UV rays exist in three-forms; UVA, UVB, and UVC. UVA has a long wavelength which allows to escape through clouds and haze. UVB rays have a shorter wavelength and a more powerful punch. UVC rays have such a short wavelength that it can't get past the ozone layer to reach us. UVB is what causes sunburns, this is a fact and what keeps sunscreen-industrys still in business. Always wearing your sunscreen allows us to stay out in the sun much longer without burning.

Another scary summer bummer is drowning. This is not, at all, a pleasant way to go, as we all should know. Researches have found that there are four different ways to drowning.

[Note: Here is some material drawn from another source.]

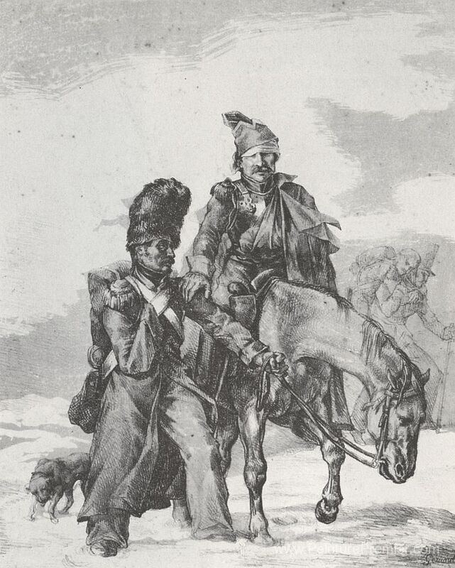 Nous vous proposons une reproduction artisanale sur toile du célèbre tableau 'Le retour de la Russie' de Theodore Gericault, provenant du Musée de la Reproduction.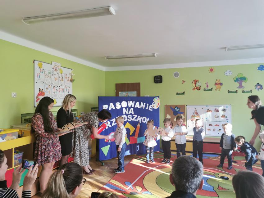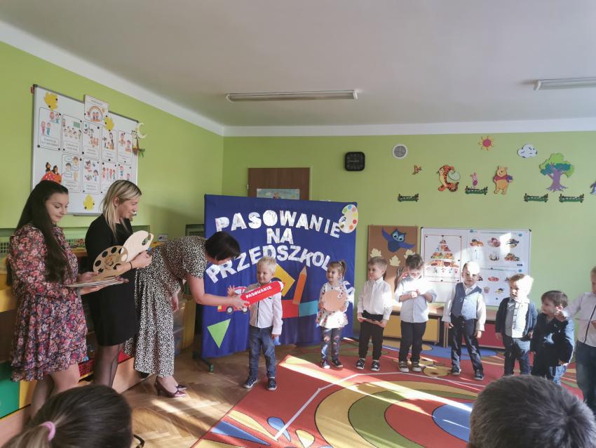 Dnia 20.10.2022r w naszym przedszkolu odbyło się Pasowanie na Przedszkolaka. Był to szczególny dzień dla dzieci z grupy I, które we wrześniu po raz pierwszy przekroczyły próg przedszkola. Dzieci zaprezentowały wierszyki oraz piosenki, które stanowiły część artystyczną wydarzenia. Zaprezentowane przez dzieci umiejętności dały dowód na to, jak dużo już potrafią. Nasi mali artyści zasłużyli na wielkie brawa i gratulacje ! Wszystkim dzieciom życzymy wielu sukcesów, nowych przyjaźni i dużo uśmiechu !

First is "dry drowning", this is when a person's submerged larynx goes into spasms, closing off the windpipe. In this case death is caused by suffocation and no water is actually ever entered into the lungs. Then there is "wet drowning", which actually has two types. Number one can happen in the ocean when the salt water flows in to the lungs and because of osmosis, takes fluids from the body itself, when in the end makes the person drown in their own fluids. Number two happens in fresh water. The liquid is absorbed into the bloodstream from the lungs which causes blood cells to swell and burst which will eventually cause ventricular fibrillation and death. The forth form is known as "secondary drowning". This happens when someone has been miraculously saved after a near-drowning and is sent home only to die with in 96 hours. This happens because of aspiration pneumonia brought on by bacteria and microbes in the water that filled the lungs. Always remember that no matter how great of a swimmer you are, no one is as powerful as the ocean, and also its a good idea to keep that old rule in mind about swimming with a buddy, they can save your life.